**INPUT**
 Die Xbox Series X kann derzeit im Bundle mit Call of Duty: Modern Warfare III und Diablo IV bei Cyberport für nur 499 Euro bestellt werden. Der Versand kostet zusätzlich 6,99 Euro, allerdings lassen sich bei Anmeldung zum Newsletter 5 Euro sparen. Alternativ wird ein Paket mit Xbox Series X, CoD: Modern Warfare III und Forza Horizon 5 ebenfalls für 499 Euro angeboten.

--

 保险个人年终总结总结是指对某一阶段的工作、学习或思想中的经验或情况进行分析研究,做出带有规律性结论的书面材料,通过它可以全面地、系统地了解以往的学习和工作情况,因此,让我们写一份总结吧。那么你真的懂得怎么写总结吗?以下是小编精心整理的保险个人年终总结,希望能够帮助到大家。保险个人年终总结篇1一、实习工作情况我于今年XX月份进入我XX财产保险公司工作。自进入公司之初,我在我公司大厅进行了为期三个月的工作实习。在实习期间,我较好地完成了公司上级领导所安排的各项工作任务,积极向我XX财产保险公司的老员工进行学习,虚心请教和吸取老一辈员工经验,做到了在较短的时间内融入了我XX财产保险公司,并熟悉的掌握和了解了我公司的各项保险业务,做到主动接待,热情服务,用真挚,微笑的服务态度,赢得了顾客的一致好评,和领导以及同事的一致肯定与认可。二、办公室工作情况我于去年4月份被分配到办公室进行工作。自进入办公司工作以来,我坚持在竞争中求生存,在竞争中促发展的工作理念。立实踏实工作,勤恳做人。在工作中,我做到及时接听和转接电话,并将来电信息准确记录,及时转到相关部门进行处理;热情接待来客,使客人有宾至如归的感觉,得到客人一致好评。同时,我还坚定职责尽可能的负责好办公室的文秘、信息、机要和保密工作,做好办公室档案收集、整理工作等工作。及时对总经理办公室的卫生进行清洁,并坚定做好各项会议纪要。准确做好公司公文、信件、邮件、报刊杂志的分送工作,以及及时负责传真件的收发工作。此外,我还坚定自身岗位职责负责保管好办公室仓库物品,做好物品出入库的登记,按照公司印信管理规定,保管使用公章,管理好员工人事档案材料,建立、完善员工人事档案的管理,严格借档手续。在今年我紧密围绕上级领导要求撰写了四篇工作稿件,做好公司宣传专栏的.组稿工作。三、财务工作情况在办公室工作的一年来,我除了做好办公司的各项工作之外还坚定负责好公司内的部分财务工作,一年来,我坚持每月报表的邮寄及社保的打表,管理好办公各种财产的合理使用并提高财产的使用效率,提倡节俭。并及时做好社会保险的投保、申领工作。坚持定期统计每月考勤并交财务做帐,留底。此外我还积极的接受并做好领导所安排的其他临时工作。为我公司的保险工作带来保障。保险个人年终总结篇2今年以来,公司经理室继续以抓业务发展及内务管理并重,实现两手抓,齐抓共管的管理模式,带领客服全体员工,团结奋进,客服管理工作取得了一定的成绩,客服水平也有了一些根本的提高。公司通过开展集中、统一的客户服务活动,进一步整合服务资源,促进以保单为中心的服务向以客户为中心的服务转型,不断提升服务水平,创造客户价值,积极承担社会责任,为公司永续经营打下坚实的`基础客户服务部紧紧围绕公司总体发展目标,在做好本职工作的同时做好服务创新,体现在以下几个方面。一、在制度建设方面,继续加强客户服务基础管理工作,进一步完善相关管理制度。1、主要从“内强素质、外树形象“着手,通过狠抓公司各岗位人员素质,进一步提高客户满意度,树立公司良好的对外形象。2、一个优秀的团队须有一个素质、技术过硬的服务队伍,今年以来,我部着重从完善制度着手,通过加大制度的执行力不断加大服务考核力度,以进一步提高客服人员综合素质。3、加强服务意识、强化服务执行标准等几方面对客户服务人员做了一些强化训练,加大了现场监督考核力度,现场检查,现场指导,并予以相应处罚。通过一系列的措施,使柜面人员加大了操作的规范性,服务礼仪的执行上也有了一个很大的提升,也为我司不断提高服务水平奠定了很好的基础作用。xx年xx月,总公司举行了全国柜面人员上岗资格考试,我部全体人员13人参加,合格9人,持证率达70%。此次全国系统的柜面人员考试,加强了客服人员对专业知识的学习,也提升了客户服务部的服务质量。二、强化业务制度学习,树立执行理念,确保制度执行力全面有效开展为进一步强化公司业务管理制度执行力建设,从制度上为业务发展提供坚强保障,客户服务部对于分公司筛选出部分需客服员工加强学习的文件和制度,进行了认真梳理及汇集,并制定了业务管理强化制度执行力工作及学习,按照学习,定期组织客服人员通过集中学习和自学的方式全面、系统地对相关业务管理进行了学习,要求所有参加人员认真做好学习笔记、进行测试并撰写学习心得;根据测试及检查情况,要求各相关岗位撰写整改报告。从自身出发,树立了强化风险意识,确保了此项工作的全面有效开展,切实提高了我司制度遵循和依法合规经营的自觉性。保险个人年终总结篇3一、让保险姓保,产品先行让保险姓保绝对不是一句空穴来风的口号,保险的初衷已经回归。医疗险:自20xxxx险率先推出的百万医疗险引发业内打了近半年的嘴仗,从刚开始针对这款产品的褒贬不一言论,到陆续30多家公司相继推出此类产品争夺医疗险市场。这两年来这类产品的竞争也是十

* * *

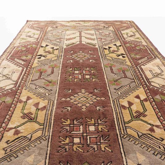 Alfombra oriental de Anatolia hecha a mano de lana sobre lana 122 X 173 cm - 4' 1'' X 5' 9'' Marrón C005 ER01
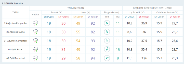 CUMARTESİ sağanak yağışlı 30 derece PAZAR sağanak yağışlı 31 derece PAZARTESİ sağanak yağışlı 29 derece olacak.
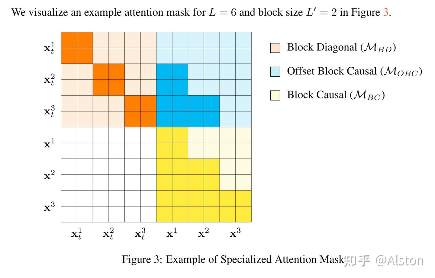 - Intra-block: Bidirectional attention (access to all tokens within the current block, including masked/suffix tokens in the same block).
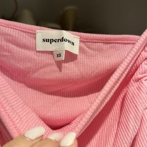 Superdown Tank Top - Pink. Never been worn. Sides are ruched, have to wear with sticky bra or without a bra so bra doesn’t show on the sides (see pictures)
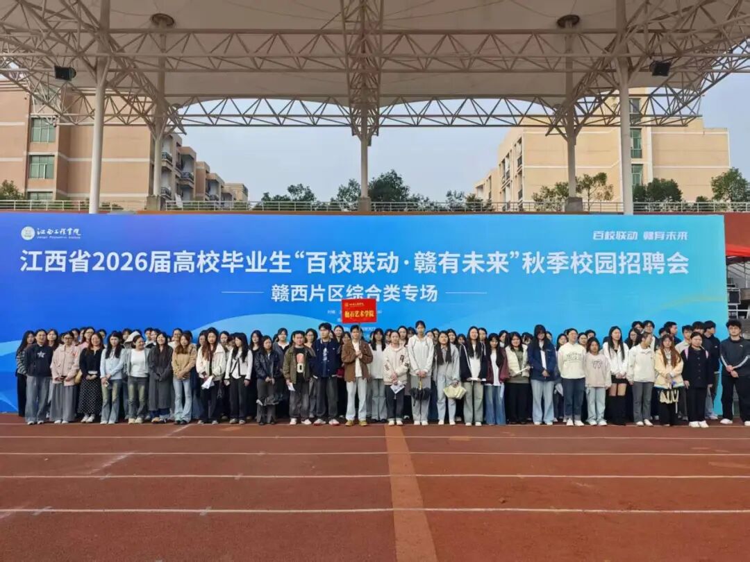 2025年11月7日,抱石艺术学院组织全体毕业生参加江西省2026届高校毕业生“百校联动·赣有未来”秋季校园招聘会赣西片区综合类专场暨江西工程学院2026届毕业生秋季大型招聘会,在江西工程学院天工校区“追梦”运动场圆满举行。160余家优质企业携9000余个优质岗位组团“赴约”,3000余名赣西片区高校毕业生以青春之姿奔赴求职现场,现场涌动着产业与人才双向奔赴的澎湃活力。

**WORK INSTRUCTIONS**
The reply should hold exactly the lines above, starting at the line with "Alfombra oriental de" and ending at the line with "2025年11月7日,抱石艺", and no pictures.

**PROBLEM SOLUTION**
 Alfombra oriental de Anatolia hecha a mano de lana sobre lana 122 X 173 cm - 4' 1'' X 5' 9'' Marrón C005 ER01
 CUMARTESİ sağanak yağışlı 30 derece PAZAR sağanak yağışlı 31 derece PAZARTESİ sağanak yağışlı 29 derece olacak.
 - Intra-block: Bidirectional attention (access to all tokens within the current block, including masked/suffix tokens in the same block).
 Superdown Tank Top - Pink. Never been worn. Sides are ruched, have to wear with sticky bra or without a bra so bra doesn’t show on the sides (see pictures)
 2025年11月7日,抱石艺术学院组织全体毕业生参加江西省2026届高校毕业生“百校联动·赣有未来”秋季校园招聘会赣西片区综合类专场暨江西工程学院2026届毕业生秋季大型招聘会,在江西工程学院天工校区“追梦”运动场圆满举行。160余家优质企业携9000余个优质岗位组团“赴约”,3000余名赣西片区高校毕业生以青春之姿奔赴求职现场,现场涌动着产业与人才双向奔赴的澎湃活力。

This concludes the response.